Intentamos llegar al lago Groom, en el estado de Nevada. Mi abuelo había trabajado en la minas de plomo y plata ubicadas al el sur de la Cordillera Goom. Así que conocía los vericuetos de caminos para llegar al lago. Caminamos durante cuatro horas. Sólo descansamos unos minutos para beber agua y comer una carne seca que compramos el día anterior en una tienda mexicana llamada “El Paisano” en Santa Fe New Mexico. Al bajar por un acantilado, difícil pero caminable, logramos ver la blancura proyectada del salar. Al sur, dos rectas paralelas ratificaban las pistas de aterrizaje. De repente sentí que me jalaban de la camisa a la altura del hombro izquierdo. Mi amigo, que hasta ese momento se dejaba guiar como un corderillo temeroso, me señaló a un guardia, que pertrechado en la cima de una colina, vigilaba con dominio de visión todo el panorama. -Si nos atrapan soy ente muerto, me dijo. Ante la agitación no medité sus palabras, Comenzamos a sudar copiosamente, yo lo veía de reojo y mi amigo mostraba ya los síntomas de la desesperación. Todo indicaba que no lograría acercarse a las pistas de aterrizaje.

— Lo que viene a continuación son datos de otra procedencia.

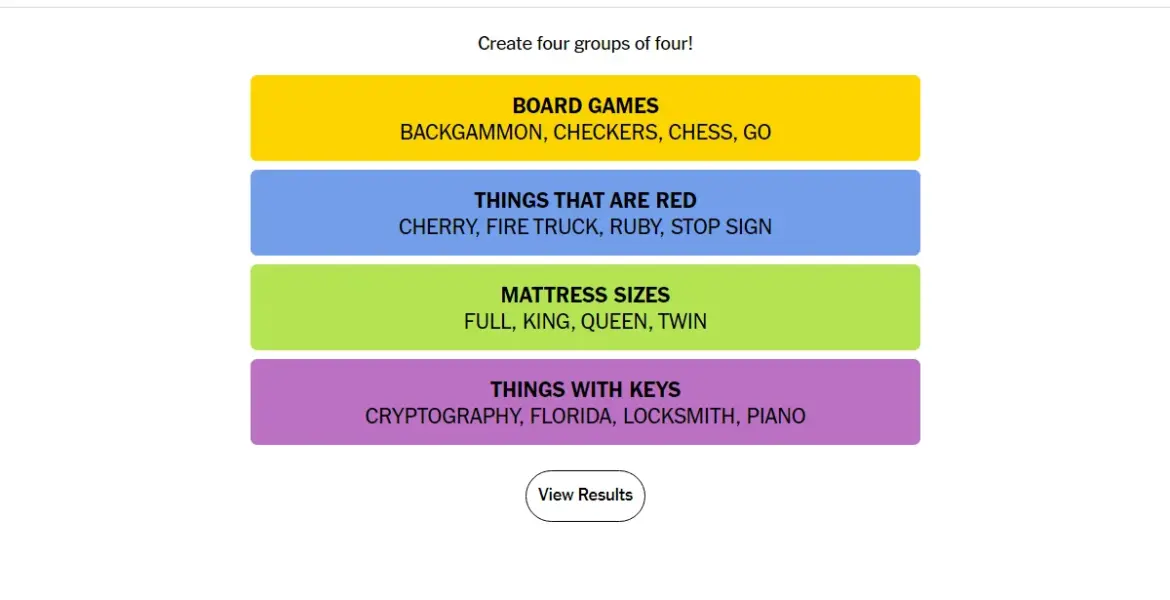 As of today, here are the latest answers for the NYT Connections puzzle:

Ya había intentado en Roswell hacer contacto con un amigo de otro amigo de mi abuelo; parece ser que el contacto se esfumó sin dejar rastro. De repente mi amigo comenzó a disparar con su cámara fotográfica ráfagas de tomas de las pistas de aterrizaje. Siempre creí que era un reportero gráfico; trabajaba en una revista de divulgación científica, pero ahora ya no sé que creer. Sin decir palabra, me lanzó un gesto de resignación y comenzó a descender a toda prosa hacia las pistas. Comprendí que era inútil seguirlo. El llamado de un destino inexplicable para mí, lo había desbordado.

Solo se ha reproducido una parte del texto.